Jika pemerintah hendak mengambil kebijakan hemat BBM, langkah yang sempurna ialah menaikkan harga BBM. Atau pun kalau ingin menyampaikan insentif pajak, seharusnya itu diberikan untuk jenis angktan umum (bus), bukan jenis kendaraan beroda empat pribadi. Dengan harga bus/truk yang lebih murah, berarti operator dapat menekan biaya investasi yang pengembaliannya dibebankan pada tarif yang harus dibayar oleh penumpang/pengguna jasa. Bila biaya investasi kendaraan cukup tinggi, tarif pun tinggi. Tapi bila biaya investasi rendah, tarif dapat ditekan menjadi lebih murah. Memberikan keringanan/pembebasan pajak bagi kendaraan eksklusif itu inkonsisten dengan niat kebijakan untuk hemat BBM

Ironisnya lagi, dalam penetapkan pajak kendaraan Kementerian Keuangan tidak mendasarkan pada fungsi kendaraan, melainkan hanya pada besaran CC-nya saja. Ini yang membuat jenis bus dan truk – dengan alasan CC-nya lebih besar – dikenai pajak lebih besar pula, sebaliknya untuk kendaraan pribadi. Ini terang mencerminkan kekacauan berpikir birokrat, alasannya hal yang terkait dengan kepentingan publik diperberat, tapi terkait dengan kepentingan eksklusif justru diperingan.

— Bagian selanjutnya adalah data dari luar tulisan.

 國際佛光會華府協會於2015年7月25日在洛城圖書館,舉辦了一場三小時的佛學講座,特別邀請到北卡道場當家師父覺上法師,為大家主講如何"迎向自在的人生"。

Tidak mengherankan bila hingga dikala ini Indonesia belum memiliki pabrik bus sendiri. Mestinya PP yang dibuat itu untuk mendorong lahirnya industri pembuatan bus dan truk untuk mendukung angkutan umum massal dan barang dalam negeri.

Untungkan Pihak Asing

Dengan dikeluarkannya PP No 41/2013 itu maka pihak yang paling diuntungkan ialah industri otomotif absurd yang sudah siap teknologi untuk memproduksinya. Sedangkan industri otomotif lokal masih masih harus berguru teknologi terlebih dahulu untuk membuat kendaraan beroda empat hemat BBM. Makara peraturan ini bekerjsama pepesan kosong bagi industry otomotif lokal. Bagi masyarakat umum, ini justru merupakan jebakan gres untuk masuk ke dalam massalisasi kendaraan beroda empat pribadi.

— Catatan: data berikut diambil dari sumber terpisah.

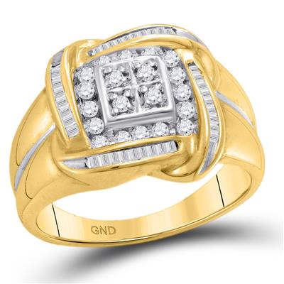 10K Yellow Gold Round Diamond Square Cluster Ring 0.50 Cttw

Boleh jadi, munculnya peraturan tersebut merupakan hasil lobi industry otomotif dari luar yang sudah menginvestasikan modalnya secara besar-besaran di Indonesia. Efek lanjut dari massalisasi kendaraan beroda empat eksklusif ini ialah akan muncul desakan untuk membangun jalan-jalan gres atau memperlebar jalanjalan yang ada dengan alasan sudah tidak bisa lagi menampung kendaraan yang lewat. Bila kekhawatiran tersebut menjadi kenyataan, kendaraan beroda empat murah yang disebut sebagai solusi hemat BBM justru berbalik menjadi problem baru, yaitu pemborosan BBM secara masif dan terprogram.

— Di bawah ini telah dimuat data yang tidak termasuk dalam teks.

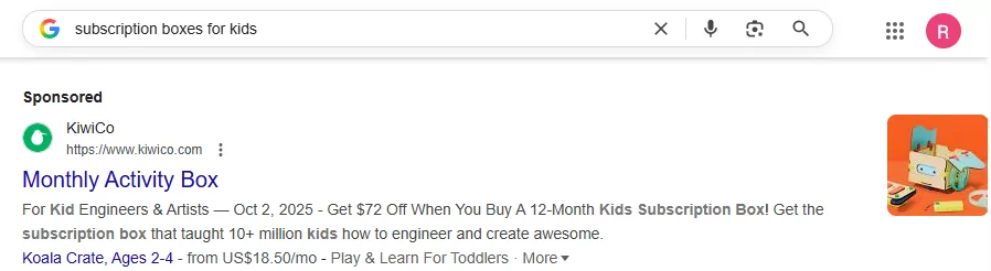 Here’s a good example on Google. We searched for “best subscription boxes for kids” and an ad for a monthly activity box from KiwiCo came up.

Sulit bagi pemerintah ke depan untuk mengendalikan pertumbuhan kendaraan beroda empat murah ini mengingat hingga sekarang belum ada satu pun instrumen untuk pembatasan kendaraan pribadi. Di sisi lain, perbaikan angkutan umum massal tidak terjadi secara cepat di semua wilayah Indonesia, tapi lebih terkonsentrasi di beberapa kota besar saja. Wajar bila di kemudian hari masyarakat justru bertumpu pada eksistensi kendaraan beroda empat murah untuk melaksanakan mobilitas geografis. Akhirnya, secara agregat, eksistensi kendaraan beroda empat murah yang disebut hemat BBM itu tetap saja memboroskan BBM dalam negeri.